■ **Assignment**
Restate the entries below in full, exactly as they read, but without pictures.

▬▬▬▬▬▬▬▬▬▬

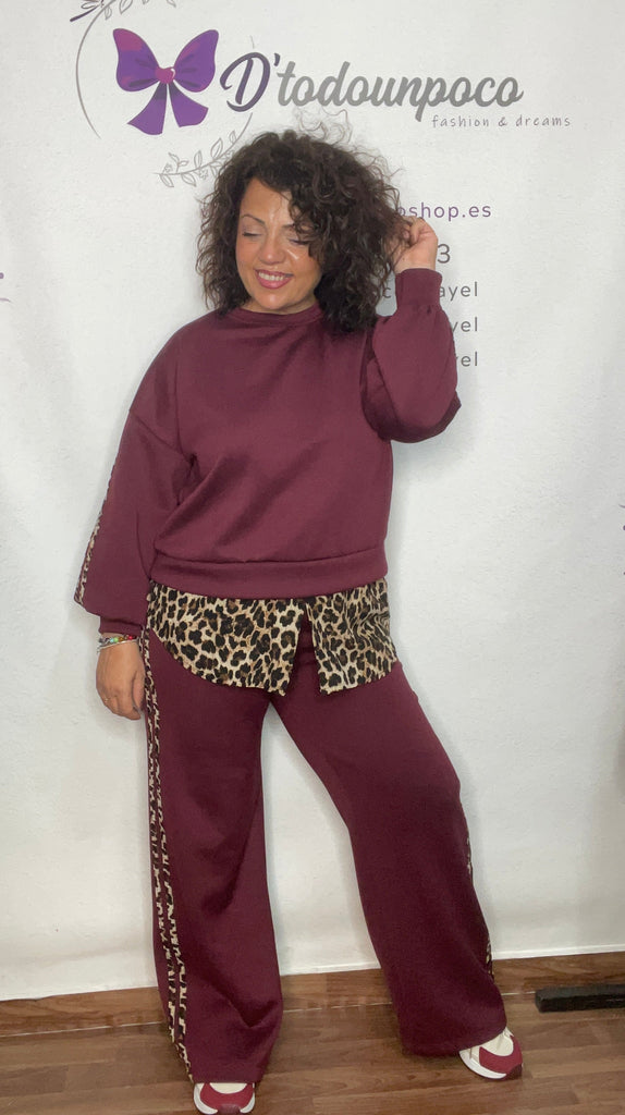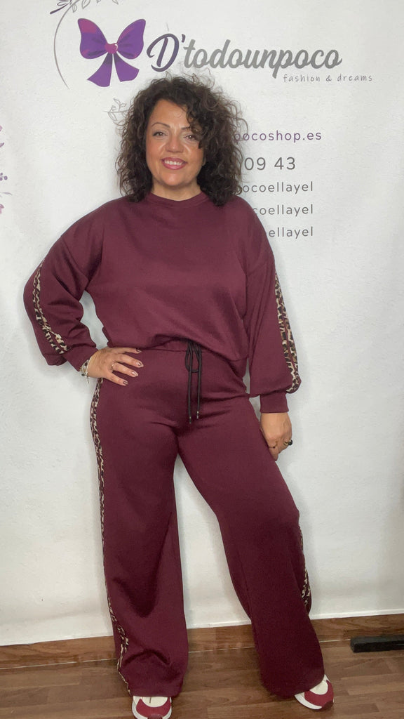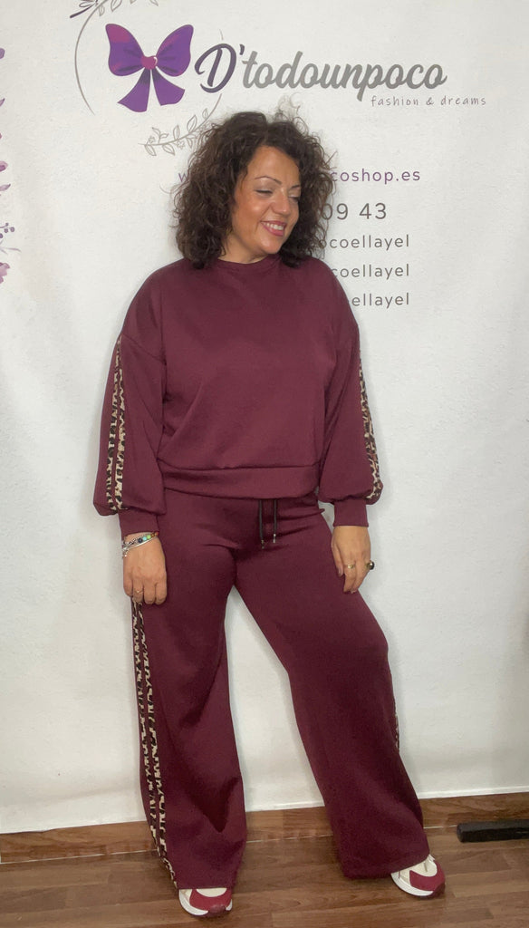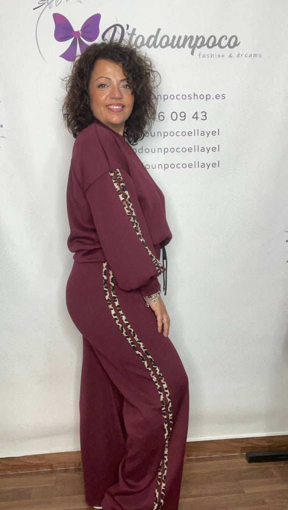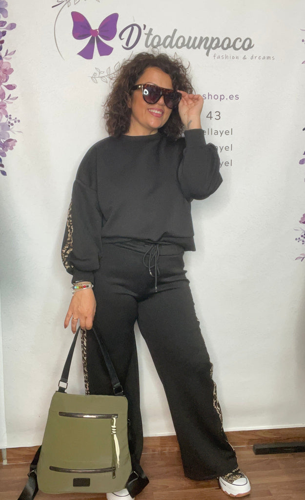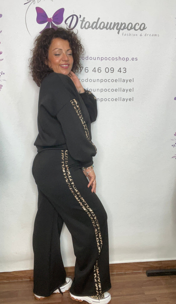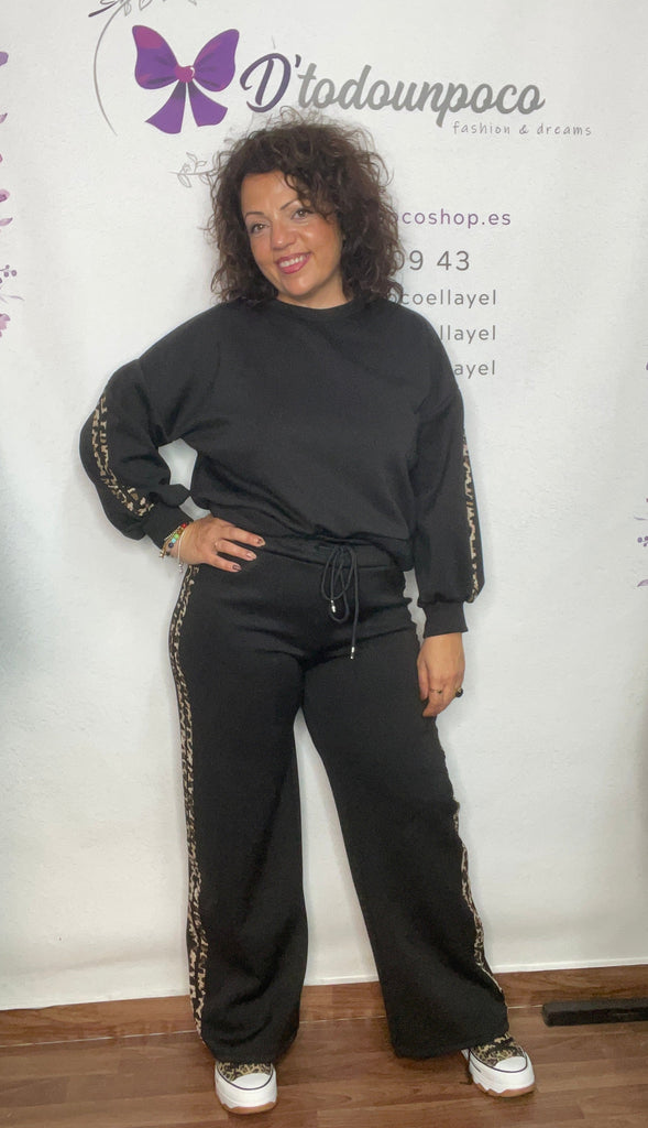 Chándal talla unica de la 36 a la 42. Sudadera corta, manga larga estilo globo, cuello redondo. Pantalón pata ancha, tiro alto y cordón para ajustar cinturilla. detalle dos tiras en animal print en los laterales del pantalón y de las mangas.
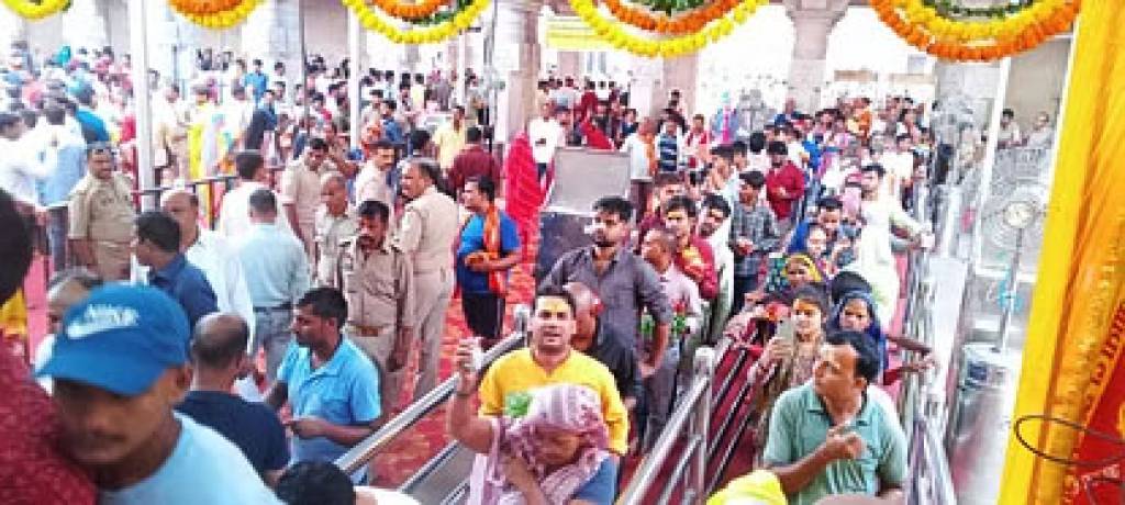मिर्जापुर। शारदीय नवरात्र के प्रथम दिन मां विंध्यवासिनी के दरबार में हजारों भक्तों ने मत्था टेका। बृहस्पतिवार की भोर भव्य मंगला आरती के बाद दर्शन पूजन का दौर शुरू हो गया। मेला क्षेत्र में देर रात से ही श्रद्धालुओं के आने का सिलसिला शुरू हो गया था। आधी रात के बाद से गलियों में भक्तों की लंबी कतार लग गई। मेले की तैयारी को बेहतर बनाने में जिला प्रशासन जुटा रहा। सुरक्षा कर्मी संपूर्ण मेला क्षेत्र में चक्रमण करती रही। देवी दरबार में आने वाली भक्तों की भारी भीड़ को देखते हुए सुरक्षा के चौकस इंतजाम किए गए हैं। विंध्याचल दरबार में मंगला आरती के बाद दर्शन पूजन का सिलसिला शुरू हुआ जो जारी है। भक्तों की भारी भीड़ मां के दरबार में पहुंच रही है। श्रद्धालु मत्था टेककर सुख-समृद्धि की कामना कर रहे हैं। मां विंध्यवासिनी माता मंदिर के परिक्रमा पथ परकोटा की छत पर साधक अनुष्ठान में तल्लीन रहे तो मुंडन संस्कार भी होता रहा। माला-फूल, नारियल-चुनरी और प्रसाद लिए विंध्यधाम में पहुंचने के बाद श्रद्धाभाव से भक्तों ने शीश झुकाया।
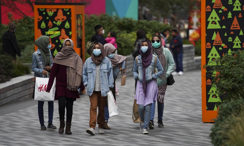 Pedestrians walk on a square in New York, the United States, Oct. 25, 2020. (Xinhua/Wang Ying)
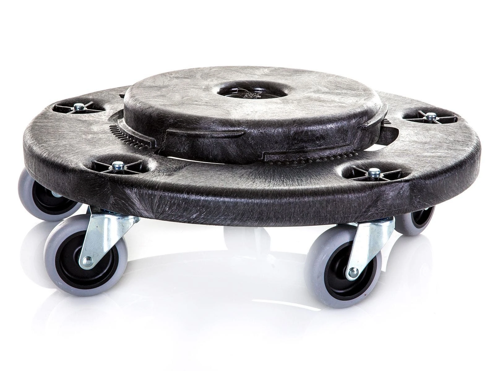 These rolling bases are designed to be used with both sizes of Rubbermaid Round Containers, creating an easy solution to transporting bins of equipment. Designed with 5 non-marring and agile swivel casters and a locking feature that secures bins directly to the base, transporting a full load is made safe and easy. 250 lb capacity.
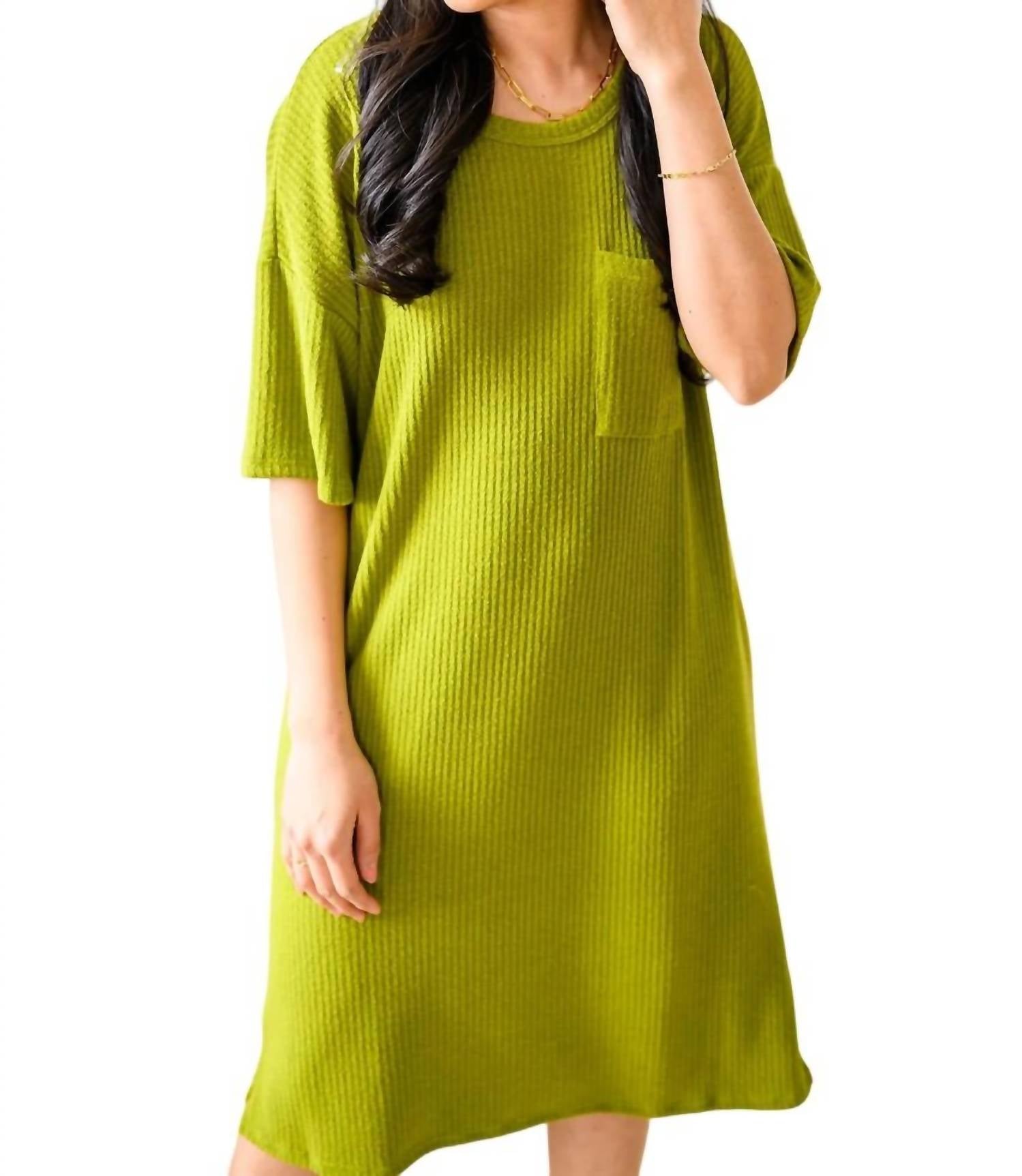 Ribbed Sweater Knit. Patch Pocket. Midi Length. Relaxed Shift Silhouette. 65% Polyester, 30% Rayon, 5% Spandex. True to Size.

▬▬▬▬▬▬▬▬▬▬

■ **Expected output**
 Chándal talla unica de la 36 a la 42. Sudadera corta, manga larga estilo globo, cuello redondo. Pantalón pata ancha, tiro alto y cordón para ajustar cinturilla. detalle dos tiras en animal print en los laterales del pantalón y de las mangas.
मिर्जापुर। शारदीय नवरात्र के प्रथम दिन मां विंध्यवासिनी के दरबार में हजारों भक्तों ने मत्था टेका। बृहस्पतिवार की भोर भव्य मंगला आरती के बाद दर्शन पूजन का दौर शुरू हो गया। मेला क्षेत्र में देर रात से ही श्रद्धालुओं के आने का सिलसिला शुरू हो गया था। आधी रात के बाद से गलियों में भक्तों की लंबी कतार लग गई। मेले की तैयारी को बेहतर बनाने में जिला प्रशासन जुटा रहा। सुरक्षा कर्मी संपूर्ण मेला क्षेत्र में चक्रमण करती रही। देवी दरबार में आने वाली भक्तों की भारी भीड़ को देखते हुए सुरक्षा के चौकस इंतजाम किए गए हैं। विंध्याचल दरबार में मंगला आरती के बाद दर्शन पूजन का सिलसिला शुरू हुआ जो जारी है। भक्तों की भारी भीड़ मां के दरबार में पहुंच रही है। श्रद्धालु मत्था टेककर सुख-समृद्धि की कामना कर रहे हैं। मां विंध्यवासिनी माता मंदिर के परिक्रमा पथ परकोटा की छत पर साधक अनुष्ठान में तल्लीन रहे तो मुंडन संस्कार भी होता रहा। माला-फूल, नारियल-चुनरी और प्रसाद लिए विंध्यधाम में पहुंचने के बाद श्रद्धाभाव से भक्तों ने शीश झुकाया।
 Pedestrians walk on a square in New York, the United States, Oct. 25, 2020. (Xinhua/Wang Ying)
 These rolling bases are designed to be used with both sizes of Rubbermaid Round Containers, creating an easy solution to transporting bins of equipment. Designed with 5 non-marring and agile swivel casters and a locking feature that secures bins directly to the base, transporting a full load is made safe and easy. 250 lb capacity.
 Ribbed Sweater Knit. Patch Pocket. Midi Length. Relaxed Shift Silhouette. 65% Polyester, 30% Rayon, 5% Spandex. True to Size.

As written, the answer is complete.